▶ _What the task requires_
Below this line is a listing that includes pictures. Copy exactly, and only, the lines from the one containing "ทางผู้จัดการแข่งขัน F1 หรือ" through the one containing "In other fall"; the pictures do not go in the copy.

▶ _Entries shown_
▼
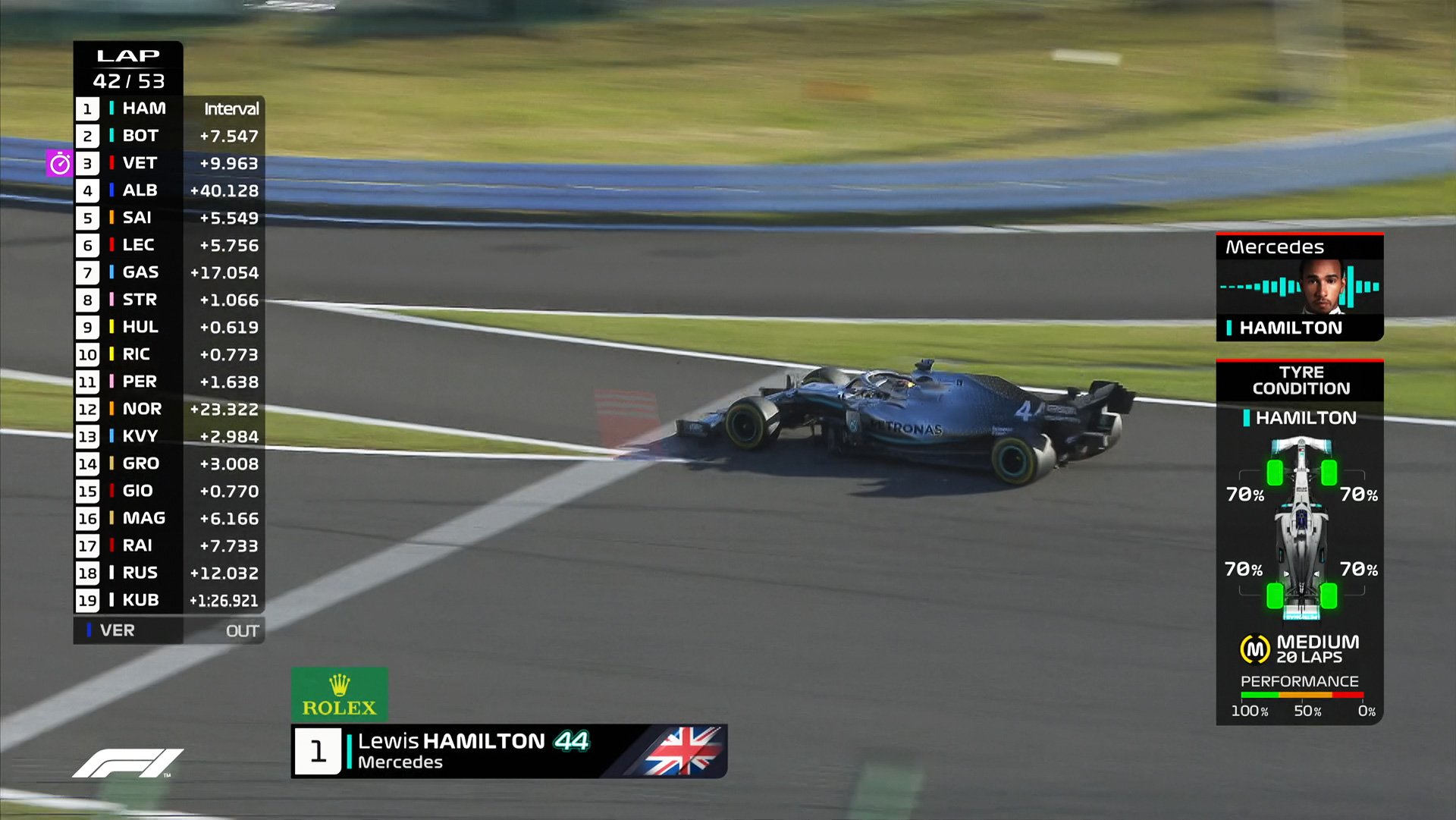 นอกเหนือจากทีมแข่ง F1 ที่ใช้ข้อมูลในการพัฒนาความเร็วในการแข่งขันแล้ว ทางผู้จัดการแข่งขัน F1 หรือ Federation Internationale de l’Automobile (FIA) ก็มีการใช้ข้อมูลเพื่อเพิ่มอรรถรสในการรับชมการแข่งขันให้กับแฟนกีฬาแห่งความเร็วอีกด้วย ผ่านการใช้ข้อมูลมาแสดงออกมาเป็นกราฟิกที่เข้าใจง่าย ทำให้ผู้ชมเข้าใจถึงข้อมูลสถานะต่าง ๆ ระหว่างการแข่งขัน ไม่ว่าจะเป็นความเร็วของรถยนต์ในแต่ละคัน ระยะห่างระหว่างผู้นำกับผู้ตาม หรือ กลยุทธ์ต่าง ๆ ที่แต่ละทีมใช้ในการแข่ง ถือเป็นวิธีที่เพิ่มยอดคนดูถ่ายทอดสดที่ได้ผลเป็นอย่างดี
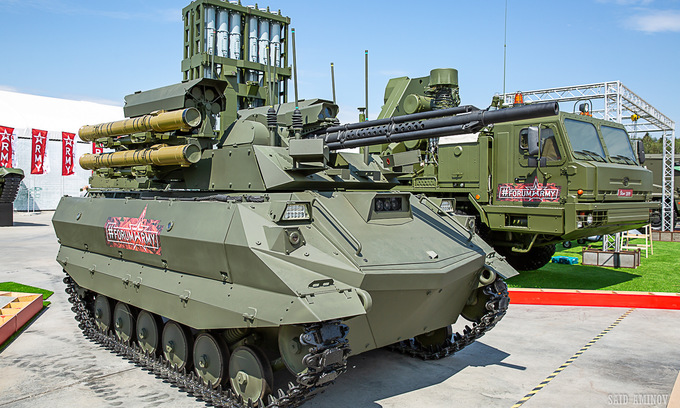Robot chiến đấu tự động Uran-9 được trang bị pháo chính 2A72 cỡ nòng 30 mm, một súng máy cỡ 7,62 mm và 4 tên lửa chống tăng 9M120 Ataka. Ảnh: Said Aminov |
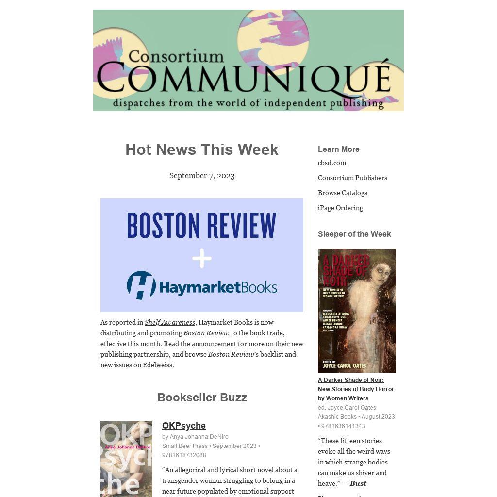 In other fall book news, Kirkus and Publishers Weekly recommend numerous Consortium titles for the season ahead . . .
▲
▼
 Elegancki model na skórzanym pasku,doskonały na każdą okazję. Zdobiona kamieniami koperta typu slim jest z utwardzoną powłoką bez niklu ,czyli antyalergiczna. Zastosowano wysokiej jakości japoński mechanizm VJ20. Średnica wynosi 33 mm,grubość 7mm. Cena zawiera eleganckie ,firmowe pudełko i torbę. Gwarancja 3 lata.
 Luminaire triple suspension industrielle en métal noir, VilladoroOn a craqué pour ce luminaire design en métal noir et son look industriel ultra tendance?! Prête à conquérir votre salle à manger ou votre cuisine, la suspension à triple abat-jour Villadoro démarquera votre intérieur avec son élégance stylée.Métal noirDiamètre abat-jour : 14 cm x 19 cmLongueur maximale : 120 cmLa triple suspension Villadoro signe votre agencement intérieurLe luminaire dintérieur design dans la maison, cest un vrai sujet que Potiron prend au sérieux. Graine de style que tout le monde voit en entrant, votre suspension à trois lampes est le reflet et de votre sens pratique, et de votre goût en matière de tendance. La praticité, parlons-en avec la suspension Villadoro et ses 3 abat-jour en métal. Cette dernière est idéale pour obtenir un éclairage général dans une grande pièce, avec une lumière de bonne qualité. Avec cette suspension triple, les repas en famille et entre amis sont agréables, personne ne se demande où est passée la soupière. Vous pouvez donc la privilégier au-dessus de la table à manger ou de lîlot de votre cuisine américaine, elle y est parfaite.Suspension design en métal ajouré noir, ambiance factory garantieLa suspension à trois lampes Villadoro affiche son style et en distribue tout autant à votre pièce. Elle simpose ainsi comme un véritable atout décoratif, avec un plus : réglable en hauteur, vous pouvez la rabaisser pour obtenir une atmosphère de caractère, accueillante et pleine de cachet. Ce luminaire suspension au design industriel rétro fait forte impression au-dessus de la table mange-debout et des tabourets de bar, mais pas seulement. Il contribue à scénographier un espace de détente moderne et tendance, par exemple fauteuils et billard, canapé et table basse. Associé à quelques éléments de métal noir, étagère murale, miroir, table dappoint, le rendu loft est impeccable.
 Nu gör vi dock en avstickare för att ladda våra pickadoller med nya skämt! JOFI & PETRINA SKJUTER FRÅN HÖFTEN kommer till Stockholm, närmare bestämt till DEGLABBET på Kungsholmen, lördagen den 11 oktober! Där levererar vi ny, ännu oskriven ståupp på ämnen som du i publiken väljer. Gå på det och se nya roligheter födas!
▲
▶ _Solution to this task_
 นอกเหนือจากทีมแข่ง F1 ที่ใช้ข้อมูลในการพัฒนาความเร็วในการแข่งขันแล้ว ทางผู้จัดการแข่งขัน F1 หรือ Federation Internationale de l’Automobile (FIA) ก็มีการใช้ข้อมูลเพื่อเพิ่มอรรถรสในการรับชมการแข่งขันให้กับแฟนกีฬาแห่งความเร็วอีกด้วย ผ่านการใช้ข้อมูลมาแสดงออกมาเป็นกราฟิกที่เข้าใจง่าย ทำให้ผู้ชมเข้าใจถึงข้อมูลสถานะต่าง ๆ ระหว่างการแข่งขัน ไม่ว่าจะเป็นความเร็วของรถยนต์ในแต่ละคัน ระยะห่างระหว่างผู้นำกับผู้ตาม หรือ กลยุทธ์ต่าง ๆ ที่แต่ละทีมใช้ในการแข่ง ถือเป็นวิธีที่เพิ่มยอดคนดูถ่ายทอดสดที่ได้ผลเป็นอย่างดี
Robot chiến đấu tự động Uran-9 được trang bị pháo chính 2A72 cỡ nòng 30 mm, một súng máy cỡ 7,62 mm và 4 tên lửa chống tăng 9M120 Ataka. Ảnh: Said Aminov |
 In other fall book news, Kirkus and Publishers Weekly recommend numerous Consortium titles for the season ahead . . .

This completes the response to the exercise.